Однажды я интервью делала, которое называлось «Валить или не валить?». Вы знаете, хочется валить — валите. Не хочется валить — не валите. Это на самом деле личное решение. У нас есть такая привычка — решать проблемы в общем виде. Но не все можно решить таким образом. Кому-то валить, кому-то не валить… Есть люди, которые хотят здесь жить и хотят здесь работать — из разных мотиваций. Одни считают, что могут здесь сделать что-то полезное. Знаете, Швейцер уехал в Африку для того, чтобы лечить и учить там бедных негров. А наша страна вообще недалеко ушла от Африки, по многим параметрам приближается к ней. Поэтому я испытываю большое уважение и даже порой благоговение перед людьми, которые здесь живут, в своей стране, как в Африке. Такой была Вера Миллионщикова, открывшая первый хоспис в Москве. И у меня довольно много друзей, которые здесь живут и работают так, будто они в Африке, — спасая всех вокруг себя. Это тема служения, и это отдельная порода людей. Однако если человек хочет получить какое-то определенное образование… У нас с образованием очень плохо сейчас, снижается все время уровень, когда-то очень хороший (я имею в виду институтское, высшее образование; школьное — разнообразней, как я себе представляю, все-таки есть разные школы). Так вот, образование — это аргумент серьезный, хороший аргумент для того, чтобы ехать за знаниями.
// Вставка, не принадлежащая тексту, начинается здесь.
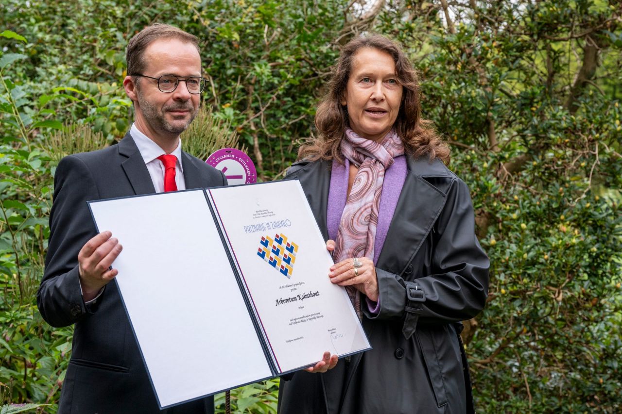 Hierop verraste Ambassadeur Sušnik directeur Abraham Rammeloo met een uitzonderlijke oorkonde van de Republiek Slovenië als erkenning van de waardevolle samenwerking tussen Arboretum Kalmthout en Slovenië: “Nog mooier is dat de band gebaseerd is op een liefdesverhaal tussen Jelena en Robert De Belder, maar het werd ook een liefdesverhaal tussen een arboretum en een land. Vandaag wil ik directeur Abraham Rammeloo bedanken voor het blijvend voeden en ondersteunen van deze liefde.”

В. ПОЗНЕР: Насчет людей особых… Когда-то во времена вашей молодости и моей были инакомыслящие, диссиденты, которых из-за диссидентства и инакомыслия и сажали, и запихивали в психлечебницы, и доводили до самоубийства порой. Сегодня чаще всего принято говорить о них с некоторым пренебрежением и без особой симпатии. А для вас они кто — эти диссиденты шестидесятых, семидесятых?
Л. УЛИЦКАЯ: Это мои друзья и мое поколение. Я сама там стояла. Не в первом ряду, правда, я не деятель… На Красной площади в 1968 году была моя подруга Наташа Горбаневская, с которой мы дружим с юных лет и по сей день. Это были первые люди, которые поняли, что им не хватает свободы. Раздражение в их адрес… Я написала книжку «Зеленый шатер» именно по этой причине. Может быть, это единственная книга, внутренне ангажированная. Я пишу без ангажемента, а здесь именно раздражение по отношению к поколению шестидесятников, которое я с изумлением обнаружила среди сегодняшних молодых людей, побудило меня написать эту книжку.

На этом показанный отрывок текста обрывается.